Patterdale (Saint Patrick's Dale) is a small village and civil parish in the eastern part of the English Lake District in the Eden District of Cumbria, in the traditional county of Westmorland, and the long valley in which they are found, also called the Ullswater Valley. The parish had a population of 460 in 2001, increasing to 501 at the 2011 Census.

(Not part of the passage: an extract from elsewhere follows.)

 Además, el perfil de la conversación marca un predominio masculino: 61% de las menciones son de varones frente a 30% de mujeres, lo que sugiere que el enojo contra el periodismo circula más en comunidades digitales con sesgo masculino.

The poet William Wordsworth lived in youth near Patterdale and his autobiographical poem The Prelude narrates in Book 1 such childhood activities as fishing in the lake from a stolen boat. The village is now the start point for a number of popular hill-walks, most notably the Striding Edge path up to Helvellyn. Other fells that can be reached from the valley include Place Fell, High Street, Glenridding Dodd, most of the peaks in the Helvellyn range, Fairfield and St Sunday Crag, and Red Screes and Stony Cove Pike at the very end of the valley, standing either side of the Kirkstone Pass which is the road to Ambleside.

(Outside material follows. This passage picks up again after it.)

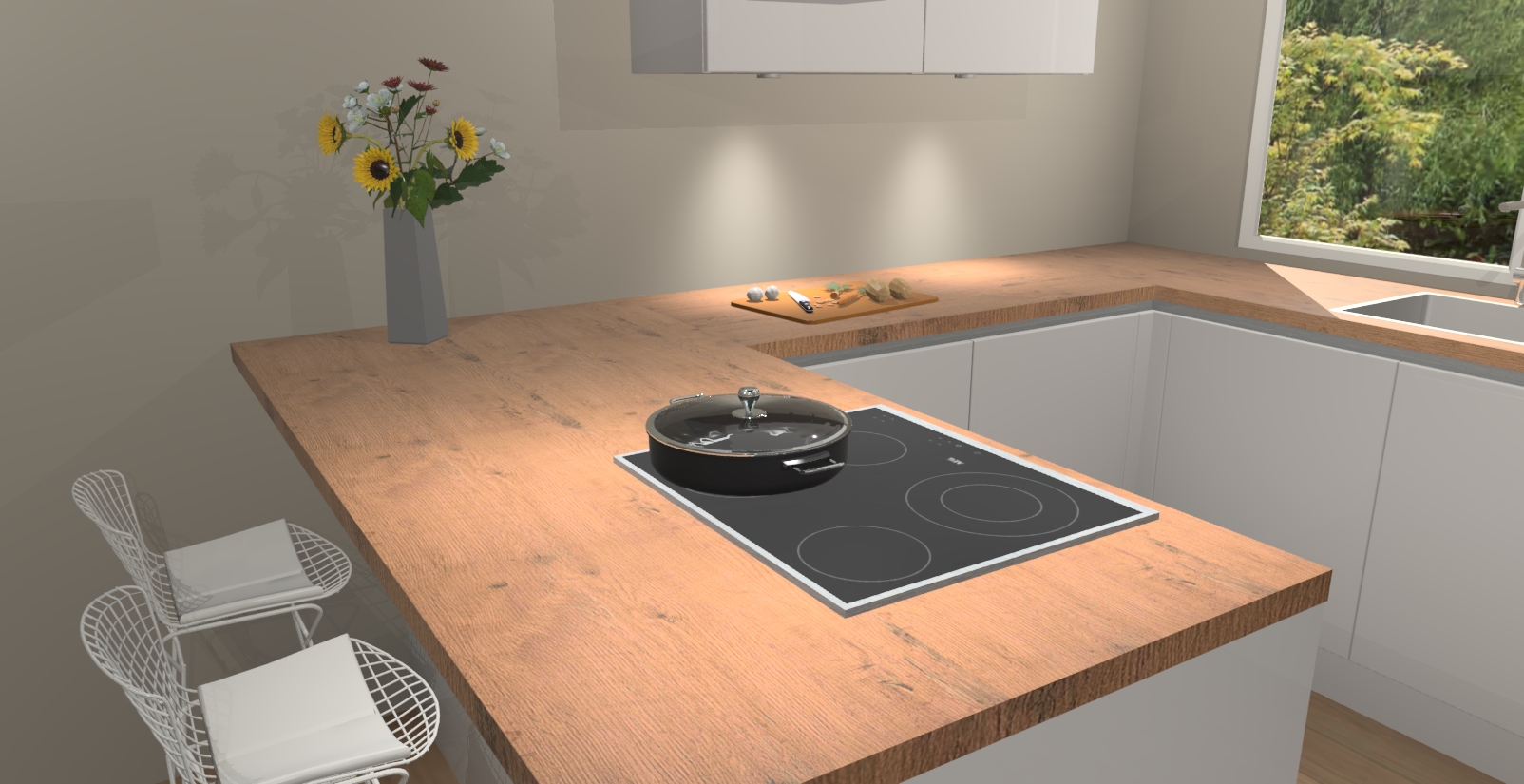 • Bij een hoekwerkblad zijn de hoeken in gevreesd en op maat gemaakt

Further up the valley to the north is the lake of Ullswater with Gowbarrow Fell and Hallin Fell overlooking it. The only tarn in the valley is Brothers Water, one of the first places in the Lakes to be acquired by the National Trust. The only other village in the valley is Glenridding. Patterdale village has a youth hostel, a church, a primary school and a hotel. In summer it can get quite busy, but not so much as Glenridding. Patterdale is considered to be a walkers' valley, and in fact Alfred Wainwright stated that it was his favourite valley in the Lake District as it is relatively undisturbed by tourism.

Alongside Glenridding, Patterdale was also badly affected by Storm Desmond in December 2015.

Local government
The civil parish of Patterdale also includes the villages of Glenridding and Hartsop. As well as the southern end of Ullswater, it also includes the smaller lake of Brothers Water.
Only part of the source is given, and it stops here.